### Work required
Reproduce the listing exactly and skip over any pictures.

### Collected data
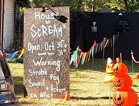RN Just got back from the inspection of the new place and this is what's going on directly across the street. They are having a haunted house! Can you see the cemetery and the zombies LOL
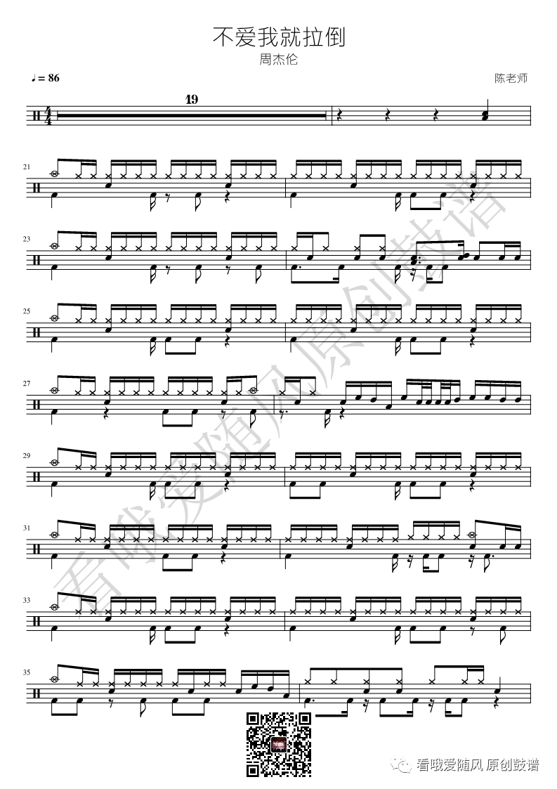 周杰伦《不爱我就拉倒》鼓谱 - 架子鼓谱
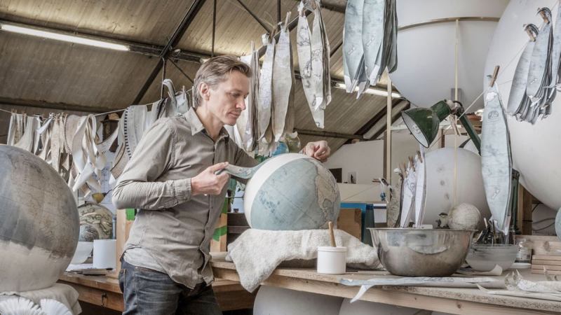 In a sunlit warehouse in north London, white spheres sit in varying states during their transformation into globes. Pieces of maps hang from clotheslines all around, and tools of the trade — mixing bowls, paintbrushes, scalpels and hand-engraving tools — litter the room. Woodworkers and cartographers work alongside painters and designers. And at the center of it all is Peter Bellerby, founder of Bellerby and Co., one of the world’s only remaining traditional globe makers.
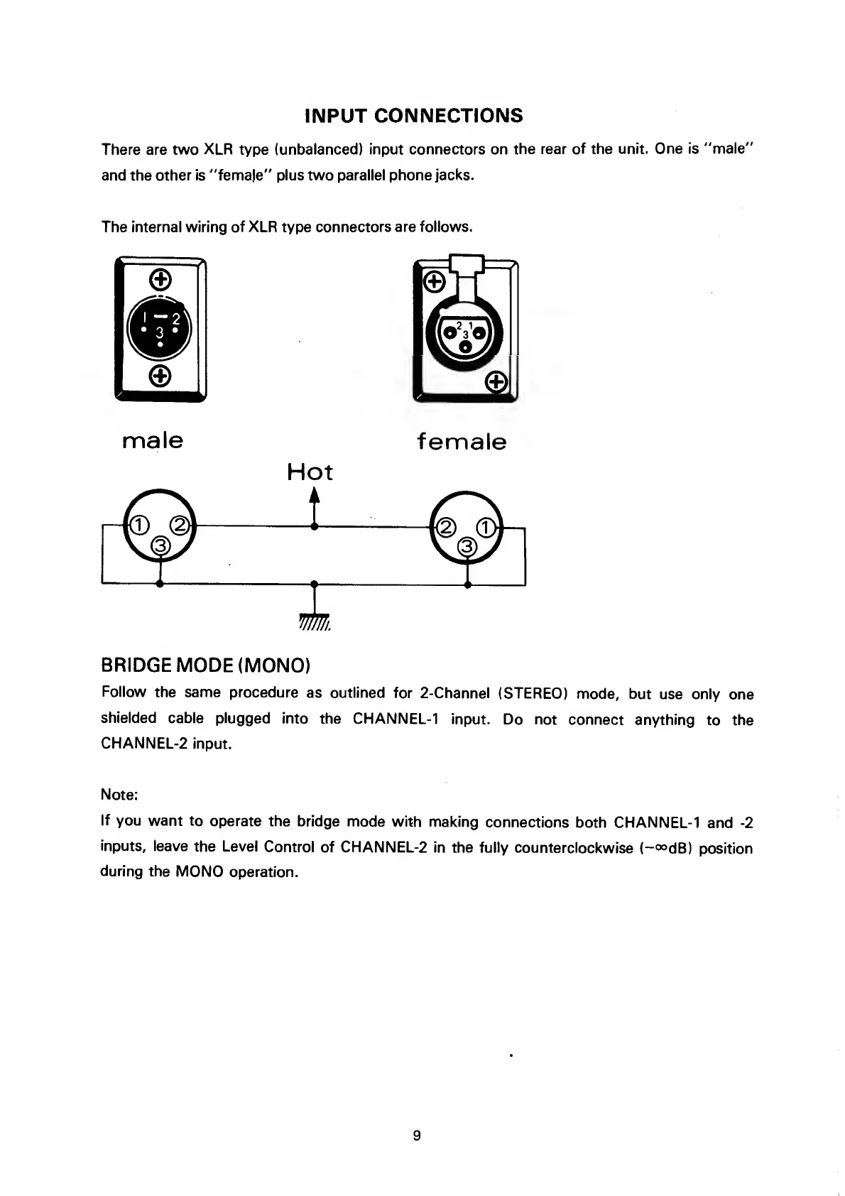 Fostex 600 - INPUT CONNECTIONS; BRIDGE MODE (MONO)

### Your solution
RN Just got back from the inspection of the new place and this is what's going on directly across the street. They are having a haunted house! Can you see the cemetery and the zombies LOL
 周杰伦《不爱我就拉倒》鼓谱 - 架子鼓谱
 In a sunlit warehouse in north London, white spheres sit in varying states during their transformation into globes. Pieces of maps hang from clotheslines all around, and tools of the trade — mixing bowls, paintbrushes, scalpels and hand-engraving tools — litter the room. Woodworkers and cartographers work alongside painters and designers. And at the center of it all is Peter Bellerby, founder of Bellerby and Co., one of the world’s only remaining traditional globe makers.
 Fostex 600 - INPUT CONNECTIONS; BRIDGE MODE (MONO)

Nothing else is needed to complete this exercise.